Select Committee on Public Administration Minutes of Evidence


Examination of Witness (Questions 280-299)

10 MARCH 2005

SIR ANDREW TURNBULL KCB CVO

  Q280 Mr Heyes: So there is a front office and a back office?

  Sir Andrew Turnbull: There is a back office, but it is the equation of the people who work in the back office being somehow being less valuable to the organisation that is wrong. If you do not get paid, if your payroll function is hopeless, you are doing as much damage to morale as anything else. If you are out on the front line, what you really want is really good support. You want people who will procure good premises for you to work in, give you good IT systems to work with. So there is a concept of back office, but it is not a pejorative term. But it has tended to be used as a pejorative term, in which case it is probably better to talk about corporate functions or support functions because it has become rather misused, that is all I am saying. It is clear that there are back office functions and front office functions.
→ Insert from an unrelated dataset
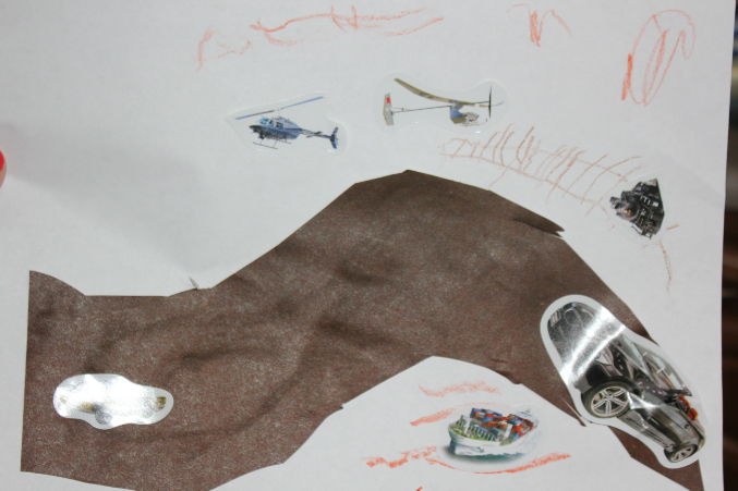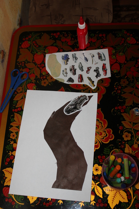 2. Из листа коричневой цветной бумаги вырезаем дорогу (я нарисовала контур и помогала держать лист), приклеиваем дорогу на белый лист. По дороге пускаем машины ("

  Q281 Chairman: So all this banging on about front-line staff in every speech we hear is a mistake and it misunderstands the nature of integrated organisations and we are to hear no more about it.

  Sir Andrew Turnbull: You have to improve both of these. The efficiency of a surgeon can be improved by his own skill and the equipment that he has, but the people who organise the flow of patients and the appointment systems all contribute to his efficiency. It is a team; that is what I am trying to get across.
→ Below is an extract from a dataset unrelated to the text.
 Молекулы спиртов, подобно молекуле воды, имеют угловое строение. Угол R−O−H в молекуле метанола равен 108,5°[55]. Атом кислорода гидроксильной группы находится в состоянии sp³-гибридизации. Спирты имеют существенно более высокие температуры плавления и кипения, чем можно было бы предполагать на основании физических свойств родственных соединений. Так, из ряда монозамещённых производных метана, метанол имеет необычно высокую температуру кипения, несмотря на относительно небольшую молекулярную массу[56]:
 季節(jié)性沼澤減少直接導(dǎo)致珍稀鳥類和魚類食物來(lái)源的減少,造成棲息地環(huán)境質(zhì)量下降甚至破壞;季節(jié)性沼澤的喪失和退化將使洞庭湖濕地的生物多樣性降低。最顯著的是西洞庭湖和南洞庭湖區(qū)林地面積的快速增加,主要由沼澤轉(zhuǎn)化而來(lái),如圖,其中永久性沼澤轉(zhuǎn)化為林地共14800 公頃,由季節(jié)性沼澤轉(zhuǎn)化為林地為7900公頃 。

  Q282 Chairman: All this has really been a mistake.

  Sir Andrew Turnbull: The distinction has been drawn too abruptly.

  Q283 Mr Prentice: Except, in the Cabinet Office memorandum which came to this Committee on the civil service effectiveness, Cabinet Office is talking about front-line public services.
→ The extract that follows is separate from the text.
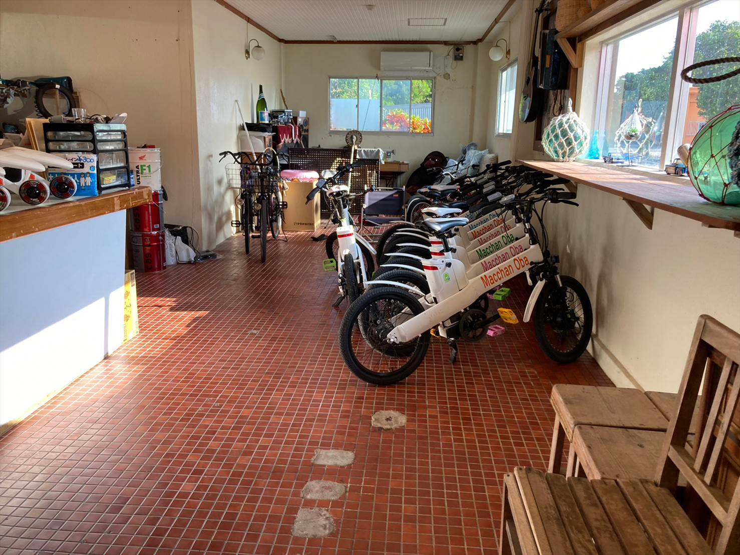 ▲レンタサイクルショップ「まっちゃんおばーのレンタサイクル」店舗内の様子。

  Sir Andrew Turnbull: There are front-line public services. I am not denying there is a distinction. I am saying do not allow that distinction to draw you into the trap of thinking that back-office people are a waste of space. That kind of equation is too easily made in popular debates.

  Q284 Chairman: That is what we have had. We have had front line good, back line bad. We have been reciting this all over the place and now it has all been a terrible mistake.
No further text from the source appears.